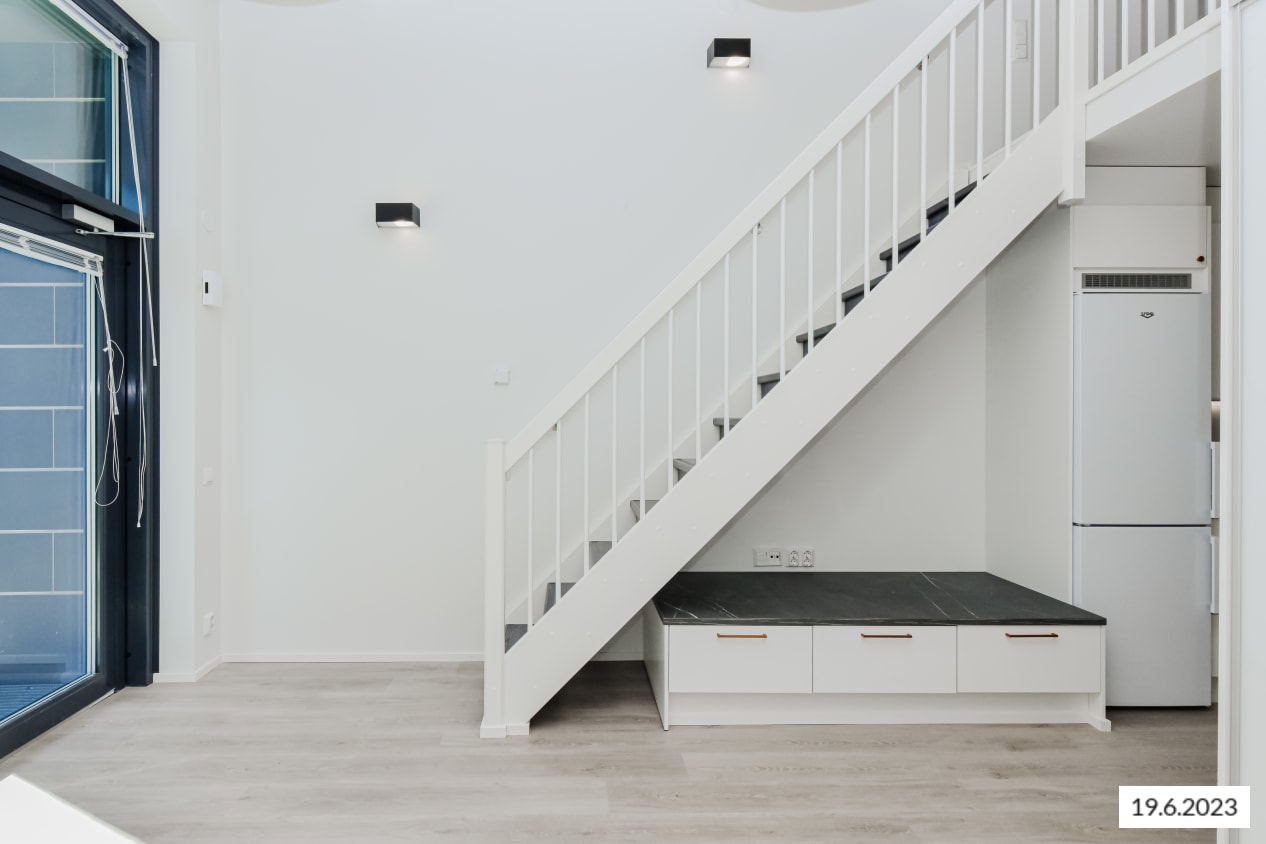 Koti avaraa tilaa arvostavalle! Valoisa, loftmainen yksiö sopii sekä asumiseen että yritystoimintaan. Oleskelualueen huonekorkeus on reilusti yli kolme metriä. Keittiö on hieman erillään olohuoneesta. Keittiötilan yläpuolella on parvi, joka sopii säilytystilaksi tai vaikkapa nukkumiseen. Parvelle vievien rappujen alla oleva tila on hyödynnetty rakentamalla sinne tunnelmallinen penkki, jonka alla on myös säilytystilaa. Näkymät sympaattisesta pikkukodista avautuvat Lincolninaukiolle. Autoiletko? Lincolninaukion kaikilla autopaikoilla on sähköauton latausmahdollisuus.
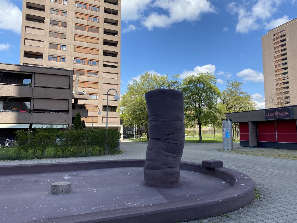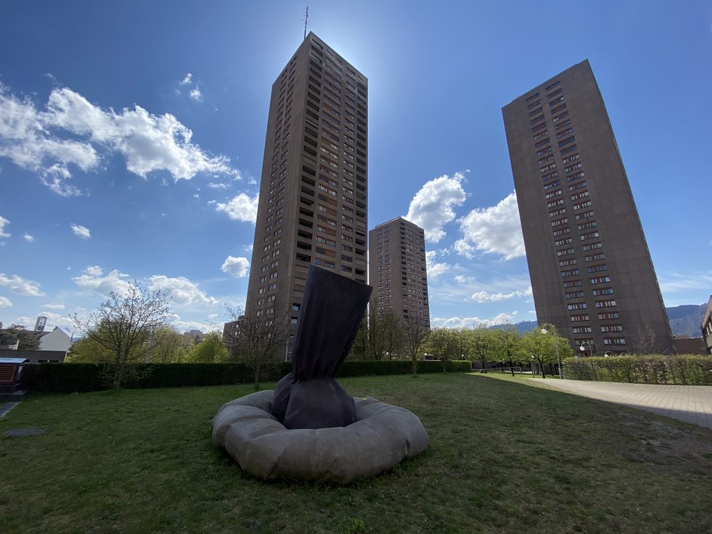 - aufragende Form will die Monumentalität der Häuser auffangen und auf menschliches Mass bringen
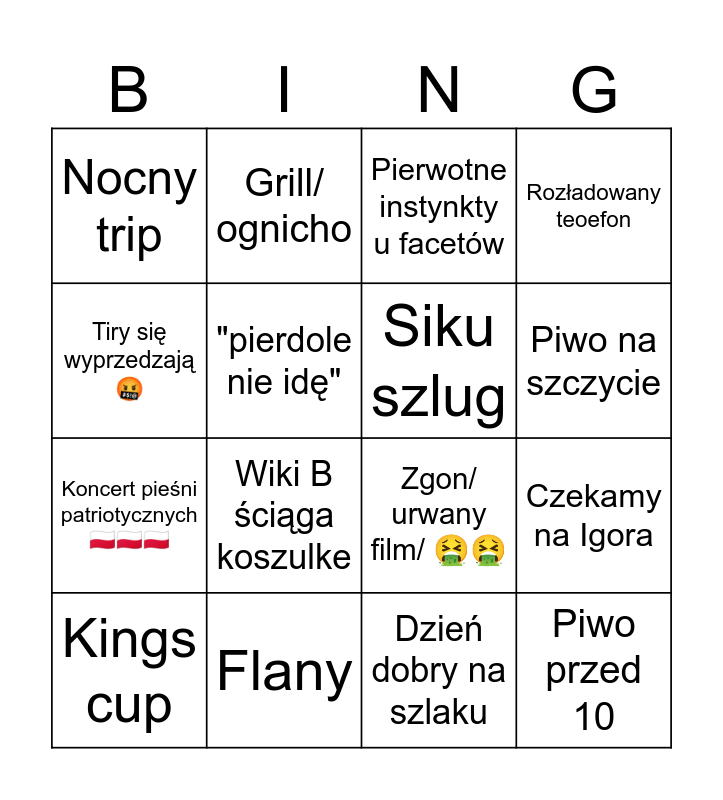This bingo card has 16 words: Flany, Czekamy na Igora, Pierwotne instynkty u facetów, Nocny trip, Koncert pieśni patriotycznych 🇵🇱🇵🇱🇵🇱, Grill/ ognicho, Zgon/ urwany film/ 🤮🤮, Dzień dobry na szlaku, Tiry się wyprzedzają 🤬, "pierdole nie idę", Kings cup, Rozładowany teoefon, Wiki B ściąga koszulke, Piwo na szczycie, Siku szlug and Piwo przed 10.
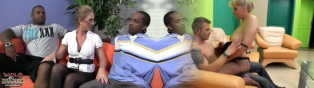 Platinum-blonde Muttis lassen sich auf gruppenfick mit zwei Afrikaner ein

> Exercise objective
All lines of the listing must be given again exactly, excluding the pictures.

> Response below
 Koti avaraa tilaa arvostavalle! Valoisa, loftmainen yksiö sopii sekä asumiseen että yritystoimintaan. Oleskelualueen huonekorkeus on reilusti yli kolme metriä. Keittiö on hieman erillään olohuoneesta. Keittiötilan yläpuolella on parvi, joka sopii säilytystilaksi tai vaikkapa nukkumiseen. Parvelle vievien rappujen alla oleva tila on hyödynnetty rakentamalla sinne tunnelmallinen penkki, jonka alla on myös säilytystilaa. Näkymät sympaattisesta pikkukodista avautuvat Lincolninaukiolle. Autoiletko? Lincolninaukion kaikilla autopaikoilla on sähköauton latausmahdollisuus.
 - aufragende Form will die Monumentalität der Häuser auffangen und auf menschliches Mass bringen
This bingo card has 16 words: Flany, Czekamy na Igora, Pierwotne instynkty u facetów, Nocny trip, Koncert pieśni patriotycznych 🇵🇱🇵🇱🇵🇱, Grill/ ognicho, Zgon/ urwany film/ 🤮🤮, Dzień dobry na szlaku, Tiry się wyprzedzają 🤬, "pierdole nie idę", Kings cup, Rozładowany teoefon, Wiki B ściąga koszulke, Piwo na szczycie, Siku szlug and Piwo przed 10.
 Platinum-blonde Muttis lassen sich auf gruppenfick mit zwei Afrikaner ein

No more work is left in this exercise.